Janusz Bakowski never graduated from any art school and remained a self-taught artist. Electrician by education, he worked in the profession before the outbreak of the World War II. Between 1944-45 Bakowski was imprisoned in the Mauthausen Guzen II camp. Connected with Warsaw through his whole life where he lived and worked, according to Jadwiga Przybylak’s words, “passionately changing tasks to more and more ambitious ones”, in genres more or less related to art, particularly drawing and graphics. Following the war he took a course in masonry in the Studio of Conservation of Monumental Architecture at the Warsaw Academy of Fine Art. Establishing contact with Zbigniew Dlubak proved an important moment for Bakowski’s artistic development. In the years 1969-70 he began his own experiments in the field of photography. At this point Bakowski created a notable portrait series Marek where the print was treated as input material that could be further processed. In 1970 he became interested in analytical art basing the processing of a photographic image on mathematical assumptions.
The logical-mathematical method became a characteristic feature of his whole oeuvre, manifest not only in photography (such series as The Old Town[Stare Miasto], Rose [Roza], Ball[Pilka], 10 footsteps[10 krokow] or Aniamade in the years 1973-1979), but also in painting (Flower Vase [Wazon z kwiatami], 1980), and sculpture (Stas, 1994-1997).
Bakowski examined problems relating to the perception of the reality. He developed logical systems of dividing prints and their subsequent montage, which, in effect, led to exceptional photographic patterns. Long and meticulous production process remain another distinctive feature of Bakowski’s works – consisting in cutting prints by hand and using them to form large surfaces. In his painterly works Bakowski developed a multiplication technique according to methods based on structuralism.

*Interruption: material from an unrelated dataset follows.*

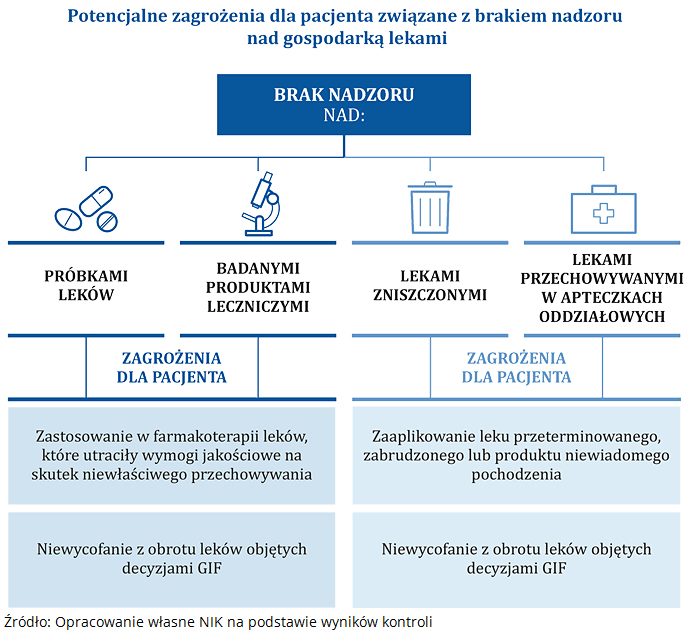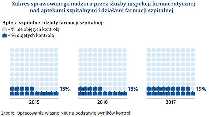 NIK zwraca uwagę, że przyczyną stwierdzonych nieprawidłowości związanych z bezpieczeństwem farmakoterapii może być niewystarczający nadzór służb inspekcji farmaceutycznych nad aptekami szpitalnymi i działami farmacji. W 2017 r. wojewódzkie inspektoraty farmaceutyczne skontrolowały jedynie 19 proc. aptek i działów farmacji szpitalnej w Polsce. W latach poprzednich kontroli było jeszcze mniej.

Video commentaries and experimental works constituted a separate field of the artist’s activity. He left behind over 1000 hours of video materials capturing the everyday life of New York (in the years 1988-89) and Warsaw, documenting meetings of artistic circles. He also realized a number of experimental films with the use of his own technique.
Bakowskie presented his photographs, graphic prints, drawings and photographic installations at a number of exhibitions in Poland and abroad, such as Photographers-Explorers [Fotografowie Poszukujacy] (Galeria Wspolczesna, Warsaw 1971), solo show Square (Mala Galeria, (PSP-ZPAF), Warsaw 1977), La Photographie Polonaise 1900-1981(Centre Georges Pompidou, Paris 1981), solo show Subway, (PAAS Gallery, New York 1989), solo show Nophoto-graphs [Niefoto-grafie] (Mala Galeria, Warsaw 1997).
At the turn of 2005/2006, a posthumous monographic exhibition took place in the Warsaw Teatr Wytwornia featuring the majority of the preserved works by the artist.